What Does It Take to Qualify For Invoice Factoring?
If you're a small business owner, you may have heard of invoice factoring as a way to get funding. But what does it take to qualify for this type of financing?
In addition, invoice financing companies will likely run a credit check on you and your business. If you have poor personal or business credit, this could affect your ability to get approved.
Fortunately, there are a number of financing companies out there that specialize in working with small businesses, so it's worth shopping around to see which one is the best fit for you. With a little bit of research, you should be able to find an invoice financing company that can help you get the funding you need to grow your business. Fortunately, invoice factoring is a lot easier than you think! Let's take a closer look at what it takes to qualify for invoice factoring:
Provide Proof of Business Organization
You'll need to provide a copy of your business license. If you're incorporated, you can provide a copy of your articles of incorporation. If you're an LLC and have filed for good standing, then provide the certificate that shows that information.
If you're a partnership, provide copies of any agreements (i.e., partnership agreement or operating agreement) that are relevant to how the business operates and identifies how revenue is split between partners or members. You should also provide copies of any bylaws that govern how decisions are made within the organization (if applicable).
Your Business Must Be Solvent
You also need to be solvent, or in other words, able to pay the invoice factoring company back. The invoice factoring company won't provide you with funding if your business can't afford it. For example, you must be able to pay the invoice factoring company's fees as well. You also need to be able to pay each of your employees and suppliers on time, so they don't discontinue doing business with you—this is key for longevity and stability in the long term.
Your Clients Must Be Credit-Worthy
Your clients must be credit-worthy. This is determined by the invoices being paid and the clients' ability to pay on time. In other words, if your customers are paying you late or not at all, then they won't qualify for invoice factoring.

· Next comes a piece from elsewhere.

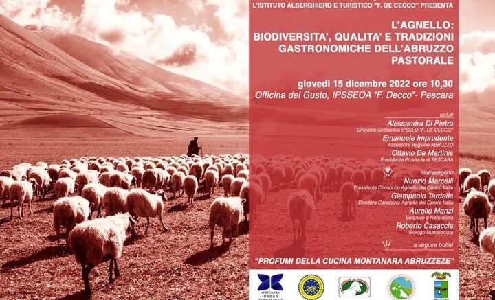 Si è svolto oggi nell’Officina del Gusto dell’Istituto Alberghiero Ipssar ‘De Cecco’ di Pescara, il convegno ‘L’Agnello: Biodiversità, Qualità e Tradizioni Gastronomiche dell’Abruzzo Pastorale’, promosso dalla scuola con il Consorzio di Tutela dell’Agnello del Centro Italia e con il patrocinio della Provincia di Pescara

The best way to prove that your clients are credit-worthy is with a good payment history on their invoices with you as well as their other vendors and suppliers. If this isn't possible because of the size of your client's business (for example, if they're one of the largest companies in Australia), then an alternative method would be showing a good payment record with other businesses similar to yours (i.e., those who provide services like yours and are located in similar locations).
You must control the collection function of your invoices, but you do not need to own them.
You must be able to control the collection function of your invoices, but you do not need to own them. Let's take a step back and look at invoicing for a moment. When you invoice someone, what does it mean? You are asking for payment on account of goods or services provided to the customer. This is important because it gives you a window of opportunity (typically 30-60 days) to collect your money before having to pay for those goods or services purchased from other vendors or suppliers.
With invoice factoring, all your receivables are turned into cash immediately at invoice value rather than waiting until they are paid out in full by your customers, which can take months and even years if there is an outstanding balance that needs collecting!
You Must Be Able to Pass a Background Check
You must have a clean criminal record.
You must have a valid social security number or EIN (employer identification number). If you don't have one, you can get one through IRS form SS-4, and they'll send it to you in the mail within eight weeks of filing.
You must have a valid driver's license or state ID card. This can be any type of driver's license, including an international driver's license if necessary!
Conclusion
An invoice factoring facility can work for many small businesses, and that's why to engage with invoice financing companies to know how the process works before jumping into it blindly. We hope our article has helped you understand what makes you a good candidate for invoice financing and what kinds of businesses are likely to be approved by one or more lenders. Good luck!